▶ [Problem statement]
Given the records below, would you repeat exactly the lines that begin at the one containing "A dream-worthy craft" and end at the one containing "Bedrieglijke statistieken, kijk: minder", inclusive?

▶ [Source information]
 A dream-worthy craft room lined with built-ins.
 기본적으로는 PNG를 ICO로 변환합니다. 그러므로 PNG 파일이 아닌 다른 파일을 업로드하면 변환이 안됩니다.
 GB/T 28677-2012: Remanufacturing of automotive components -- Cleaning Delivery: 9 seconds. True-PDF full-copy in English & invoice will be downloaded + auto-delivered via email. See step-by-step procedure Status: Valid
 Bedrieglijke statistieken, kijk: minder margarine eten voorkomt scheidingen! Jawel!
---
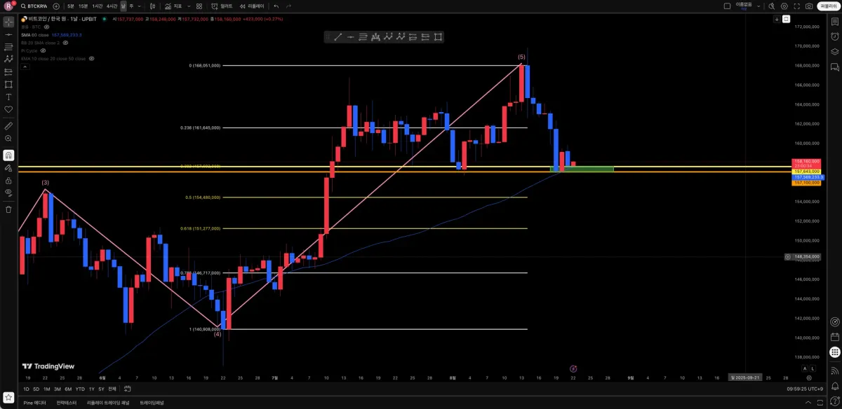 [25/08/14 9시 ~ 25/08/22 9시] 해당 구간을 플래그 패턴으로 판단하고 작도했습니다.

▶ [Answer space]
 A dream-worthy craft room lined with built-ins.
 기본적으로는 PNG를 ICO로 변환합니다. 그러므로 PNG 파일이 아닌 다른 파일을 업로드하면 변환이 안됩니다.
 GB/T 28677-2012: Remanufacturing of automotive components -- Cleaning Delivery: 9 seconds. True-PDF full-copy in English & invoice will be downloaded + auto-delivered via email. See step-by-step procedure Status: Valid
 Bedrieglijke statistieken, kijk: minder margarine eten voorkomt scheidingen! Jawel!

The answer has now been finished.